## TRY IT
From start to finish, set down the entries below exactly, leaving out the pictures.

*** RECORDED DATA ***

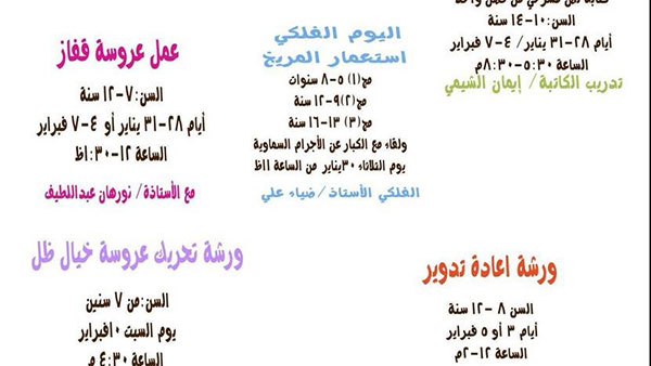وأكد المركز أن أنشطة وبرنامج نصف العام الموجه للأطفال واليافعين و يشمل على عدد من الورش الفنية التي تنمي روح الفنان المبتكر لدى الطفل إلى جانب لقاءات اخرى جنباً إلى جنب مع هذا النوع من النشاط وهي لقاءات علمية من خلال يوم فلكي بالتعاون مع مبادرة الفلك هيلف مصر ومجموعة ورش للأطفال واليافعين عن كوكب المريخ ولقاء للكبار وأولياء الأمور ايضا عن علوم الفضاء والأجرام السماوية و كذلك للأطفال موعد مع التعرف على التراث وتعزيزه من خلال ورشة كيفية تحريك عروسة خيال الظل وتعد هذه الورشة مكملة لبرنامج المركز والذي سبق تقديمه على مراحل سابقة من خلال ورش عروسة خيال الظل التنفيذ والتصميم والتي من خلالها يتعرف الطفل على نشاط تراثي نحافظ عليه من الاندثار ويتعرف على فنونه وتاريخه و باباواته ( فصول عروضه المختلفة)
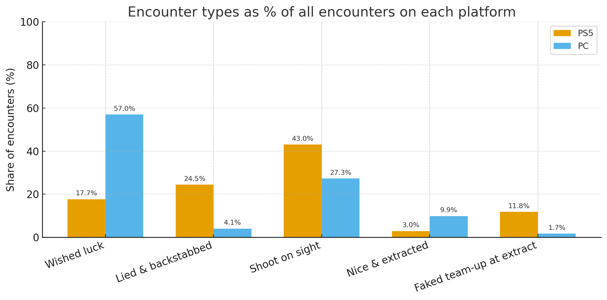 El jugador de PS5 realizó 84 rondas y se encontró con 237 jugadores. Una gran parte de esos encuentros fueron hostiles. De todos los jugadores que conoció, 102 dispararon en el acto. Otros 58 fingieron cooperar antes de asestar una puñalada por la espalda. Las interacciones amistosas existieron, pero fueron bastante limitadas: sólo 42 le desearon suerte y 7 se mantuvieron juntos el tiempo suficiente para extraer como equipo. Incluso los intentos de formar equipos cortos a menudo acabaron mal, con 28 jugadores fingiendo cooperación antes de volverse hostiles en la zona de extracción.
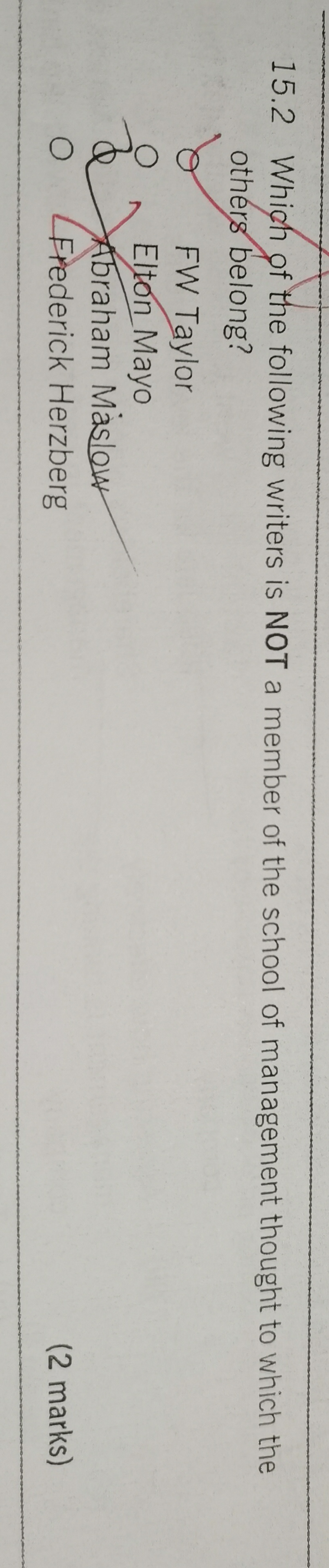 首先,题目中的school of management,其实是省略了"human"这个词,他真正想问的是“下列哪位作者不属于human school of management”学派。 A选项中的Taylor提出的是scientific management theory(科学管理理论),强调的是科学管理,而没有说怎样激励人,或者人文关怀一类的。 B选项的Mayo提出了human relations school of thought,是典型的human relation school,从“school”这个词也可以明显看出他是符合题意的。 C和D选项的Maslow和Herzberg都是motivation theory这块的知识点。这两位提出的理论都是在强调“人”的因素,Maslow提出需求层次论,强调人的五大需求;Herzberg提出保健因素和真正激励因素,也是在强调如何调动组织中的“人”工作的积极性。 所以只有A选项的这位作家不符合题意。
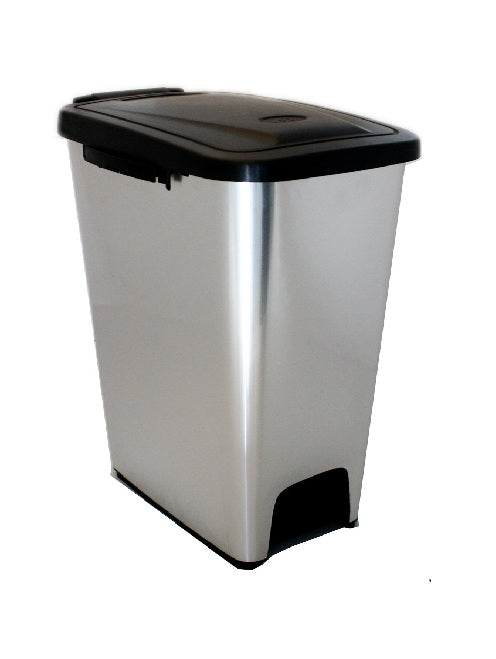 سلة مهملات معدنية بدواسة سعة 16 لترًا - فضي
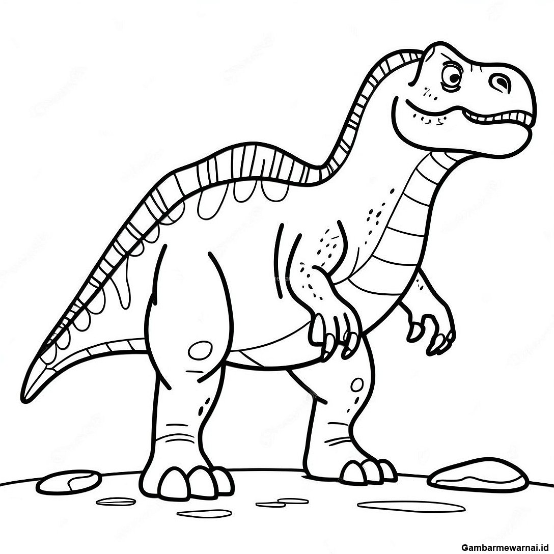 Halaman Mewarnai T Rex Bahagia Bermain dengan Teman
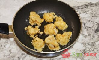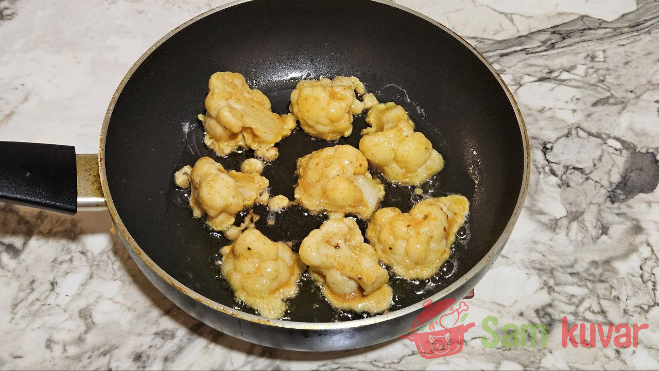 - Svaki cvet karfiola umočite u testo i stavite na zagrejanu tiganj sa uljem.
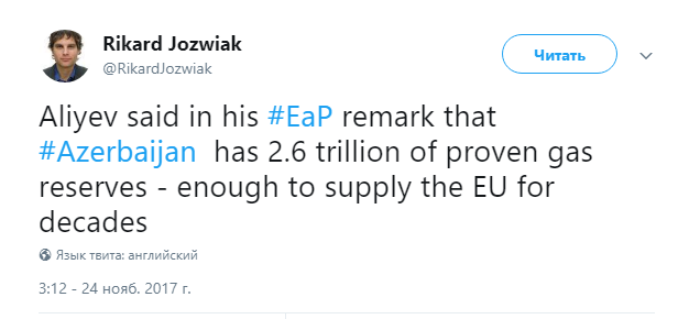 "Алиев заявил в своих комментариях на саммите "Восточного партнерства", что Азербайджан имеет 2,6 трлн кубометров разведанных запасов газа - достаточно, чтобы обеспечивать ЕС газом десятилетиями", - написал он.

***

## SOLUTION
وأكد المركز أن أنشطة وبرنامج نصف العام الموجه للأطفال واليافعين و يشمل على عدد من الورش الفنية التي تنمي روح الفنان المبتكر لدى الطفل إلى جانب لقاءات اخرى جنباً إلى جنب مع هذا النوع من النشاط وهي لقاءات علمية من خلال يوم فلكي بالتعاون مع مبادرة الفلك هيلف مصر ومجموعة ورش للأطفال واليافعين عن كوكب المريخ ولقاء للكبار وأولياء الأمور ايضا عن علوم الفضاء والأجرام السماوية و كذلك للأطفال موعد مع التعرف على التراث وتعزيزه من خلال ورشة كيفية تحريك عروسة خيال الظل وتعد هذه الورشة مكملة لبرنامج المركز والذي سبق تقديمه على مراحل سابقة من خلال ورش عروسة خيال الظل التنفيذ والتصميم والتي من خلالها يتعرف الطفل على نشاط تراثي نحافظ عليه من الاندثار ويتعرف على فنونه وتاريخه و باباواته ( فصول عروضه المختلفة)
 El jugador de PS5 realizó 84 rondas y se encontró con 237 jugadores. Una gran parte de esos encuentros fueron hostiles. De todos los jugadores que conoció, 102 dispararon en el acto. Otros 58 fingieron cooperar antes de asestar una puñalada por la espalda. Las interacciones amistosas existieron, pero fueron bastante limitadas: sólo 42 le desearon suerte y 7 se mantuvieron juntos el tiempo suficiente para extraer como equipo. Incluso los intentos de formar equipos cortos a menudo acabaron mal, con 28 jugadores fingiendo cooperación antes de volverse hostiles en la zona de extracción.
 首先,题目中的school of management,其实是省略了"human"这个词,他真正想问的是“下列哪位作者不属于human school of management”学派。 A选项中的Taylor提出的是scientific management theory(科学管理理论),强调的是科学管理,而没有说怎样激励人,或者人文关怀一类的。 B选项的Mayo提出了human relations school of thought,是典型的human relation school,从“school”这个词也可以明显看出他是符合题意的。 C和D选项的Maslow和Herzberg都是motivation theory这块的知识点。这两位提出的理论都是在强调“人”的因素,Maslow提出需求层次论,强调人的五大需求;Herzberg提出保健因素和真正激励因素,也是在强调如何调动组织中的“人”工作的积极性。 所以只有A选项的这位作家不符合题意。
 سلة مهملات معدنية بدواسة سعة 16 لترًا - فضي
 Halaman Mewarnai T Rex Bahagia Bermain dengan Teman
 - Svaki cvet karfiola umočite u testo i stavite na zagrejanu tiganj sa uljem.
 "Алиев заявил в своих комментариях на саммите "Восточного партнерства", что Азербайджан имеет 2,6 трлн кубометров разведанных запасов газа - достаточно, чтобы обеспечивать ЕС газом десятилетиями", - написал он.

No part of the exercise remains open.